CIFARNet implements a prescribed architecture composed of stacked intermediate blocks followed by an output block.

Intermediate block design:
Each block receives an input image x and outputs a weighted combination of L = 4 independent convolutional branches:

x' = a₁C₁(x) + a₂C₂(x) + a₃C₃(x) + a₄C₄(x)

The weighting vector a is produced by a fully connected layer applied to the channel-wise global average pool of the input — the network learns to weight its own convolutional branches dynamically based on the input's channel statistics.
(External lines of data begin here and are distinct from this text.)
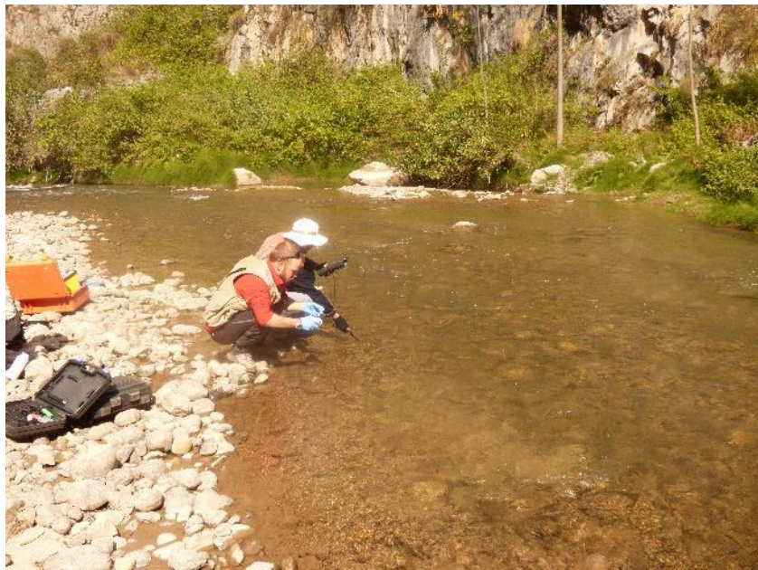
Fotografía 4: muestreo del río Alis, aguas arriba del manantial

Muestreo y descarga de los datos del datalogger instalado en el manantial Alis (Fotografía 6)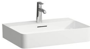
Umyvadlo: LAUFEN, VAL 60x42 cm, bílé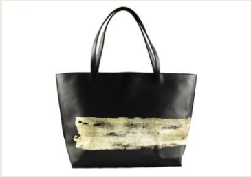
【HAKU トートバッグ SMALL】 ¥88,500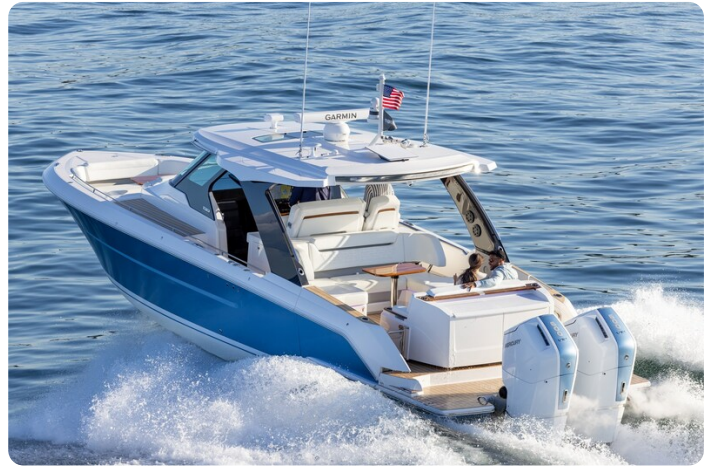
Tiara 39LS aft view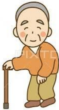
外公 [wàigōng] คุณตา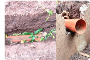
Trilliunshield @Proyek Instalasi Saluran Limbah Banjarmasin (Kalsel)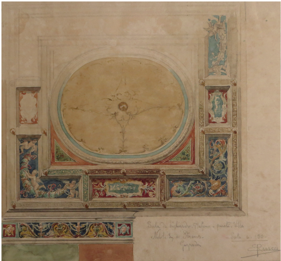
Sala de richardo. Palazzo - pareti. Villa Nobile. S. di Stronno. Capriata Sala n. 100 S. Rusca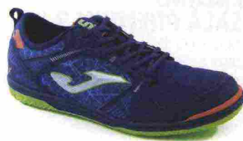
JOMA SALA MAX IN misure: EUR da 39 a 47 - peso: g 274 - prezzo: euro 48,00

Tomaia in pelle di vitello con rinforzo in microfibra sulla punta e pannelli in mesh; sistema di ventilazione VTS. Allacciatura tradizionale, con linguetta in mesh. Plantare in EVA termofornata. Sottopiede di montaggio in Texon. Intersuola con inserto ammortizzante in EVA nella zona tallonare. Suola in gomma resistente all'abrasione DIN-70 con tecnologia Rotation. Indicata per calciatori di medio e alto livello tecnico.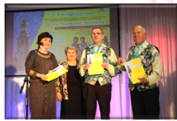
Церемония награждения победителей и участников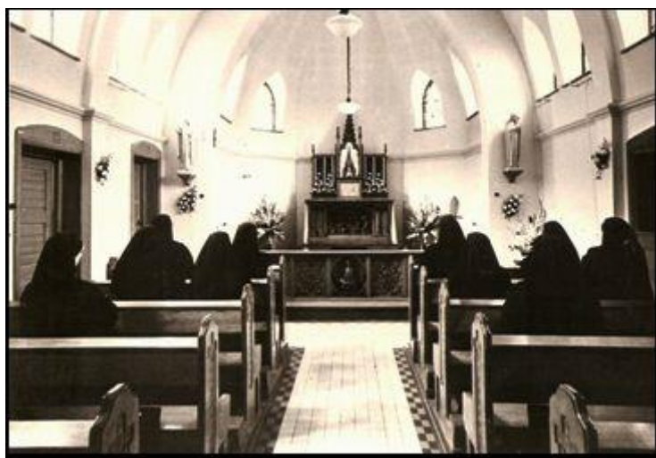
De kapel van het klooster.

In datzelfde jaar 1931 kon ook de nieuwe meisjesschool in gebruik worden genomen.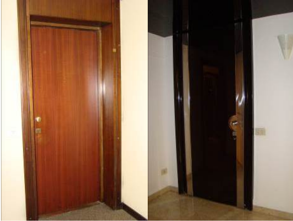
5. Vista della porta di accesso all'alloggio, dal pianerottolo e dall'interno.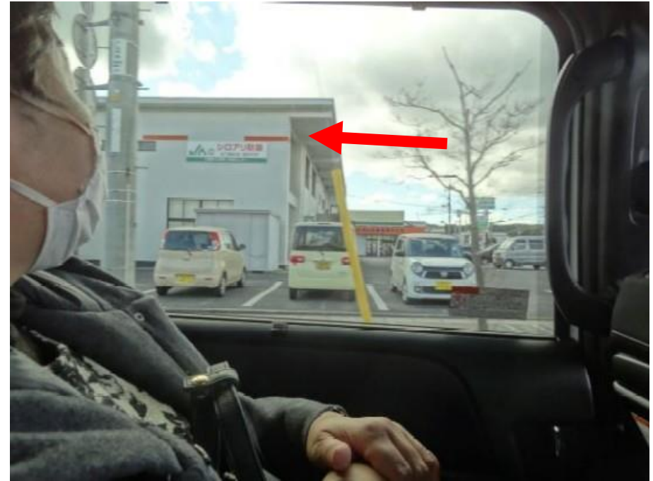
吉備真備駅、街中 矢印の高さ迄水没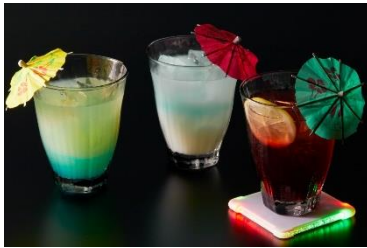
和食「春風萬里」 冬桜／冬富士／ペテルギウス ※画像左から 各 880円 ※サービス料別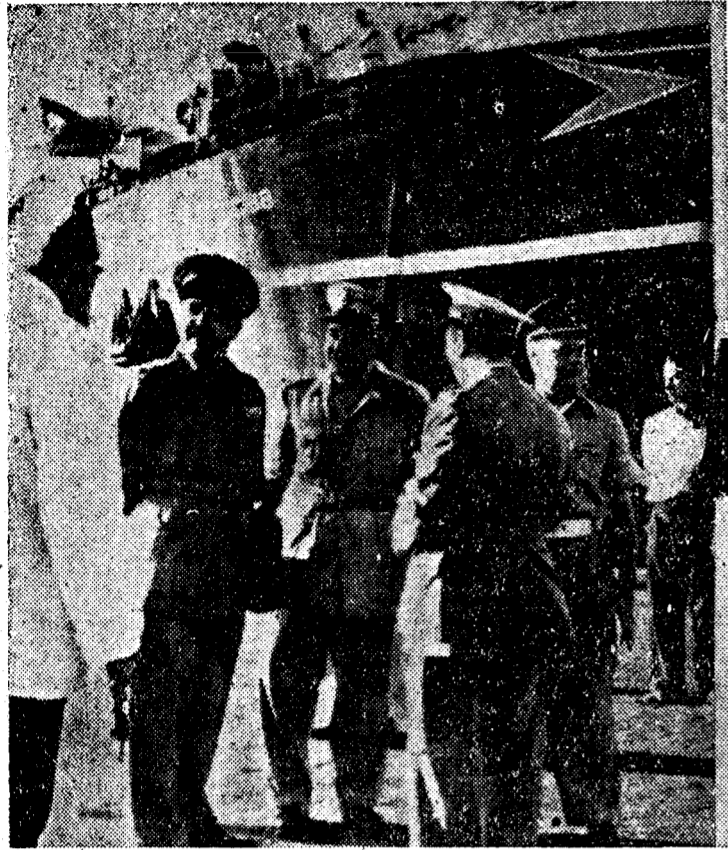
Varios jefes del ejército egipcio aparecen fotografiados en Suez, despidiendo al último oficial británico que abandonó la zona del canal, finalizando así la evacuación de tropas inglesas en Egipto.

Key architectural decisions:

Component Detail
Intermediate blocks 6 blocks (B1–B6) in sequence
Branches per block 4 independent conv branches (kernel sizes: 3, 3, 5, 5)
Branch coefficients Softmax-normalised (prevents magnitude explosion under mixed precision)
Inter-block downsampling Strided conv layers (stride 2) between block groups; spatial resolution reduced 32×32 → 16×16 → 8×8
Channel progression 64 → 128 → 256 across block groups
Output block Global average pool → MLP (256 hidden, ReLU, dropout p=0.3) → 10-way classifier
Total parameters 11.88 million

Block group structure:

Block group Kernel sizes Output channels Feature map
B1, B2 [3, 3, 5, 5] 64 32 × 32
B3, B4 [3, 3, 5, 5] 128 16 × 16
B5, B6 [3, 3, 5, 5] 256 8 × 8
Output MLP (256 hidden, dropout 0.3) 10 1 × 1

Training Configuration

Component Setting
Optimiser SGD with Nesterov momentum (μ = 0.9)
Weight decay 5×10⁻⁴ (conv and linear weights only; excludes BN params and biases)
Base learning rate 0.1
LR schedule Linear warmup (5 epochs) → cosine annealing to 1×10⁻⁵ over 195 epochs
Batch size 128
Epochs 200
Loss Cross-entropy with label smoothing (ε = 0.1)
MixUp α = 0.2
Augmentation RandomCrop (32×32, pad 4, reflect) · RandomHorizontalFlip · RandAugment (n=2, m=9) · RandomErasing (p=0.25)
Precision Automatic mixed precision (fp16 forward, fp32 master weights)
Initialisation Kaiming normal (fan-out, ReLU)

Results

Metric Value
Best test accuracy 96.20% (epoch 199)
Marking bracket ≥ 92% (top bracket)

The training loss curve shows steady descent over ~78,200 batches, with high per-batch variance driven by MixUp's U-shaped mixing coefficients and RandomErasing. Both training and test accuracy curves rise together throughout, with a ~4 percentage point generalisation gap at epoch 199 — consistent with a well-regularised model trained from scratch.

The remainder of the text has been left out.